** PROBLEM REQUIREMENTS **
Drop the images, then output the listing exactly.

(STORED DATA begins)

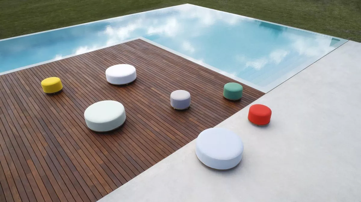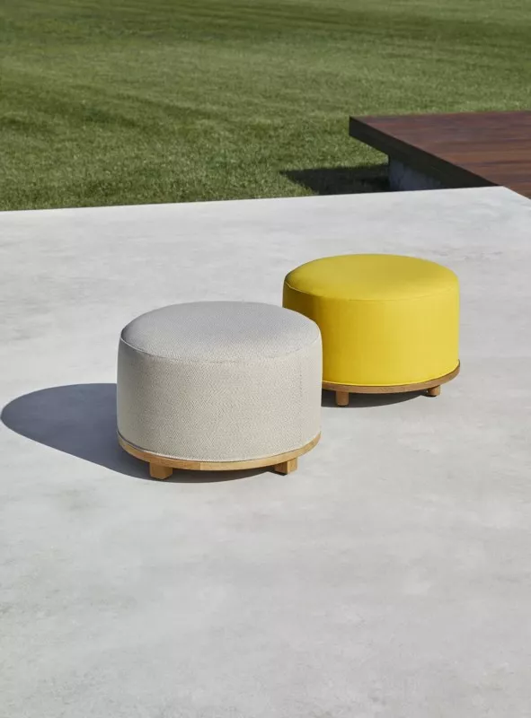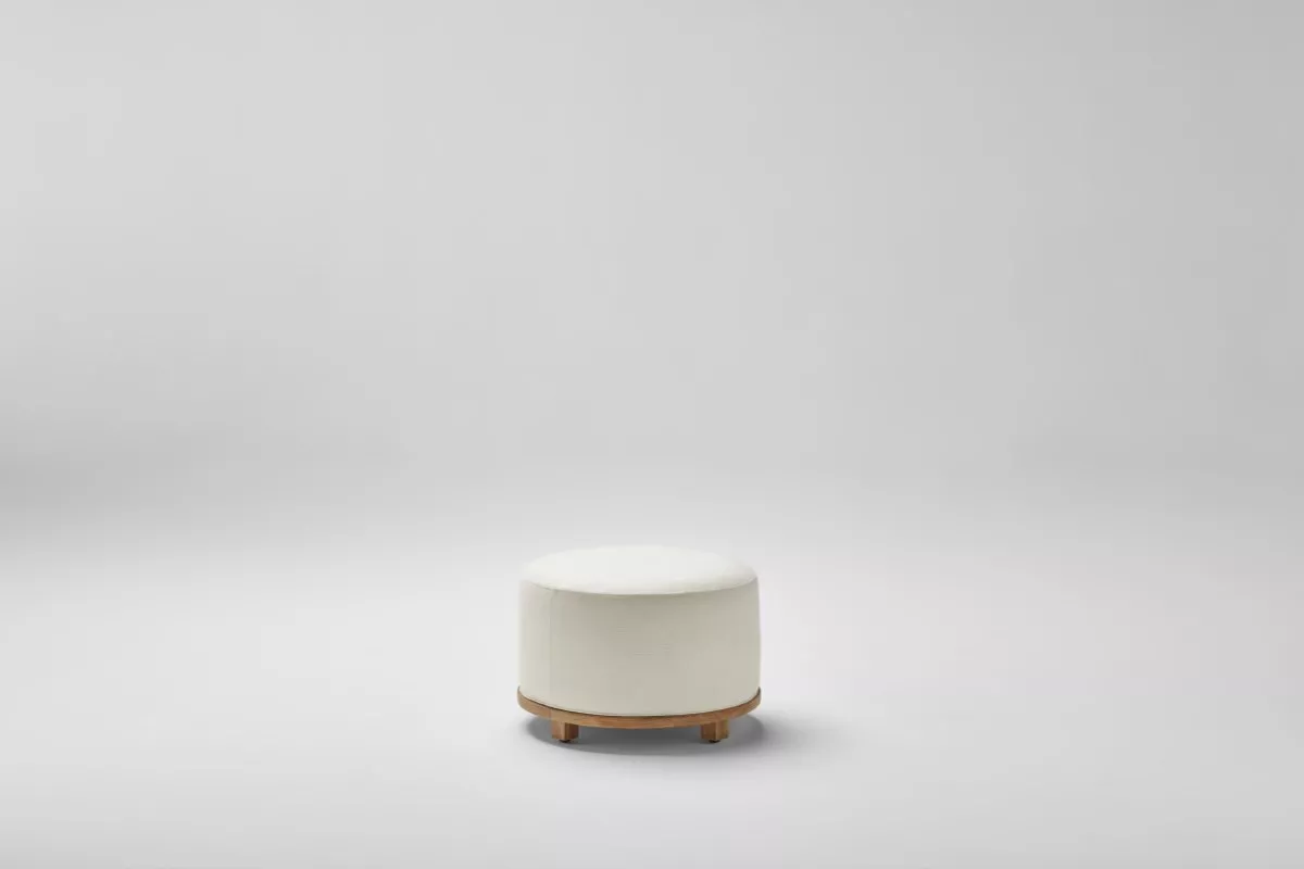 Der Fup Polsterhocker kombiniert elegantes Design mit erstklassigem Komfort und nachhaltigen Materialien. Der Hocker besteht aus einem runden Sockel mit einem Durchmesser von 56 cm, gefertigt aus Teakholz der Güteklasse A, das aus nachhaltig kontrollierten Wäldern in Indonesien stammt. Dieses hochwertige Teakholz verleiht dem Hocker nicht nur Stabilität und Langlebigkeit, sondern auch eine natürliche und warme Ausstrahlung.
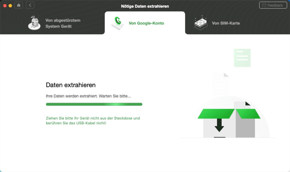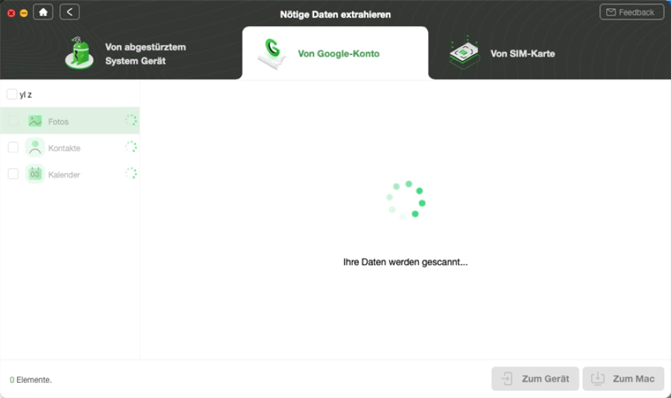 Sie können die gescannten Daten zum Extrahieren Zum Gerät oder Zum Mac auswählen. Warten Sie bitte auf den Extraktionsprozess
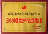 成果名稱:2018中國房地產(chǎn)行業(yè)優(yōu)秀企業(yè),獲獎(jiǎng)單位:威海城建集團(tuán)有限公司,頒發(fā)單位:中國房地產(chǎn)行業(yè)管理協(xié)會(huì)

(STORED DATA ends)

** EXERCISE ANSWER **
 Der Fup Polsterhocker kombiniert elegantes Design mit erstklassigem Komfort und nachhaltigen Materialien. Der Hocker besteht aus einem runden Sockel mit einem Durchmesser von 56 cm, gefertigt aus Teakholz der Güteklasse A, das aus nachhaltig kontrollierten Wäldern in Indonesien stammt. Dieses hochwertige Teakholz verleiht dem Hocker nicht nur Stabilität und Langlebigkeit, sondern auch eine natürliche und warme Ausstrahlung.
 Sie können die gescannten Daten zum Extrahieren Zum Gerät oder Zum Mac auswählen. Warten Sie bitte auf den Extraktionsprozess
 成果名稱:2018中國房地產(chǎn)行業(yè)優(yōu)秀企業(yè),獲獎(jiǎng)單位:威海城建集團(tuán)有限公司,頒發(fā)單位:中國房地產(chǎn)行業(yè)管理協(xié)會(huì)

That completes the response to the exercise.